Form 10-KSB for the fiscal year September 30, 2004
Financial Statements
Consolidated Statements of Shareholders' Equity, page F-6
1. | We refer to your response to comment 6. Revise future filings to incorporate the proposed disclosure and schedule. Since the table is a reconciliation of the number of shares issued in the merger, please remove the “$” signs prior to incorporation in your filing. |
Response: In response to your comment, we will remove the “$” signs in the reconciliation of the number of shares issued in the merger prior to incorporation in our coming filings.
Note 1 - Summary of Significant Accounting Policies and Organization, page F-8
Organization
2. | Your response to comment 9 indicates that the discount rate utilized in determining the present value of an energy savings installment contracts is based on “the best appropriate” under the guidance from paragraphs 12 through 14 to APB 21. Future filings should describe how you determine the discount rate and should describe why you believe your method is appropriate in GAAP. |
Response: The Company used the best lending rate in China as of the relevant quarter ends in determining the net present value of notes receivable outstanding on energy savings sharing contracts at the time the contract was entered into. In accordance with APBO 21, Interest on Receivables and Payables, the Company believes that by using this rate reflects what a company would be charged on this type of transaction if the funds were borrowed from an independent lender. In future filings we will include a description of how we determine the discount rate and being an appropriate method under GAAP. The interest rate used may be subject to change, based upon the prevailing interest rate at the period end.

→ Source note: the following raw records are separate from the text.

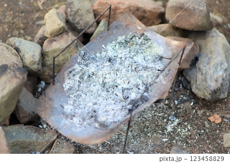 焚き火台で燃え尽きた薪と余韻の残るキャンプシーン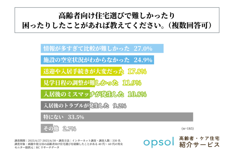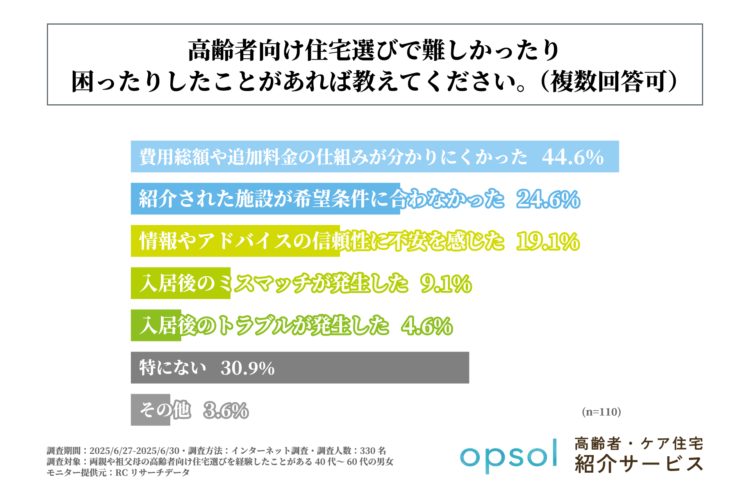 逆に、3人に1人は自分で選んだ老人ホームや高齢者向け住宅に不満を感じているという結果になった。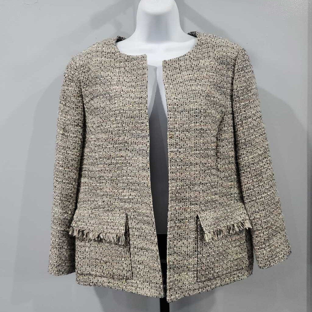 Long Sleeve Pockets Metallic Tweed Jacket Lined โ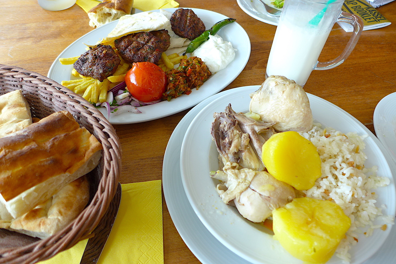 ランチに入ったトルコ料理店で久々のお米と出会う。やっぱり嬉しい。で、ついつい頼みすぎた。鳥とジャガイモの塩レモン煮込みに鳥スープで炊いたご飯添え。相方はラム肉のハンバーグ。それにトルコでは定番の塩味のヨーグルト飲料。もくもくと食べる。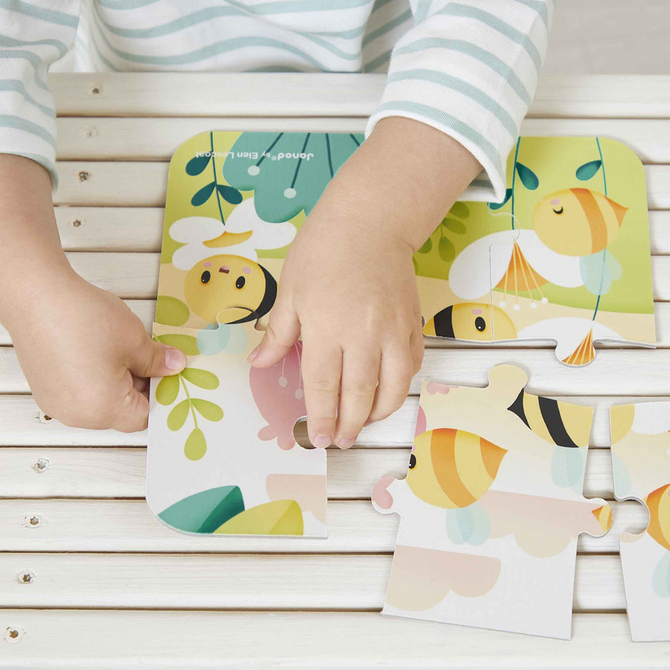Värikäs ja hauskasti kuvitettu palapelisetti sisältää neljä palapeliä. Janod Eläimet palapelisalkussa on kuuden, yhdeksän, kahdentoista ja kuudentoista palan palapelit, joihin on kuvattu suloisia eläimiä. Palapeleissä on selkeät kuvat, jotka pienen lapsen on helppo hahmottaa. Palapelit on pakattu kivaan salkkuun, jonka sisällä palat pysyvät hyvässä tallessa. Palapelien kokoaminen vahvistaa tuntoaistia, näönvaraista hahmottamista, motoriikkaa ja silmä-käsi-yhteistyötä. Palapelin palat ovat tukevaa, paksua kartonkia ja palat ovat reilun kokoiset. Valmiin palapelin mitat: 20 x 20 cm. SISÄLTÖ: Neljä palapeliä (6, 9, 12 ja 16 palaa) sekä juliste.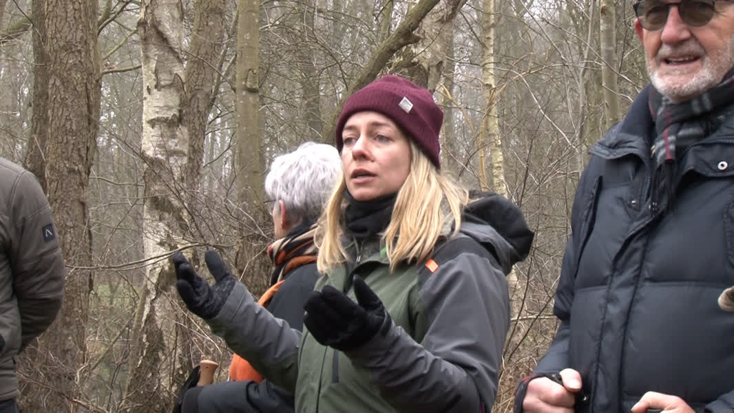 Dory Verberne is zondag deel van de excursie en omwonende van het gebied. “Er werd hier net een opmerking gemaakt door iemand die zei dat Staatsbosbeheer rigoureuzer te werk moet gaan als je een bepaald doel voor ogen hebt,” zegt Verberne. “Dat triggerde mij echt enorm. Ik vind namelijk dat er al enorm rigoureus te werk wordt gegaan.”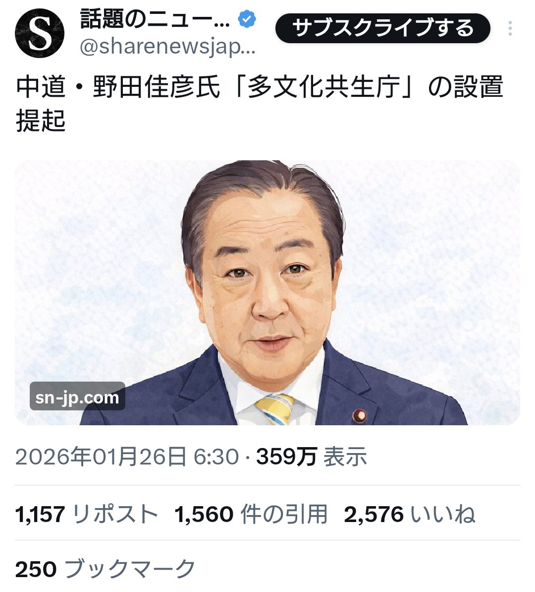 1:2026/01/28(水) 10:41:19.60 ID:Xl+Eoq9l0中道・野田佳彦氏「多文化共生庁」の設置提起 https://t.co/PWhlxBRg2D— 話題のニュースとネットの反応 (@sharenewsjapan1) January 25, 2026立憲民主党 政策集2025「多文化共生社会(外国人)」 - 立憲民主党https://cdp-japan.jp/visions/policies2025/09

Securities and Exchange Commission
Division of Corporation Finance
August 17, 2005
Page 3
Note 11 - Taxes Payable, page F-20
3. | Your response to prior comment 15 indicates that the tax waiver also included the accrued VAT tax. A VAT tax, when accrued, is normally presented as a reduction of gross revenue as opposed to income tax expense. Based on your income statements, it does not appear that the waived VAT tax was reported as income tax expense as the underlying amounts were accrued. That is, as sales were made. Accordingly, tell us why it is appropriate to report waived VAT tax as reduction of income tax expense. Explain why the income statement classification of this item is appropriate. |
Response: The Company has treated the waiver of the VAT tax as a reduction of income tax expense since this was a unique situation as the local Chinese tax authority granted a one-time waiver for all accrued accumulated taxes prior to January 1, 2004, the Company believes that the presentation of this transaction in its financial statements was the most conservative approach. The Company believes that by recording the refund of the VAT tax of $2,477,062 as an addition to gross revenues would distort the Company’s gross profit and thus be misleading as to the actual results of the Company. As part of the Company’s filings the Company will include additional disclosures stating the reasons why the Company has presented this refund in this fashion.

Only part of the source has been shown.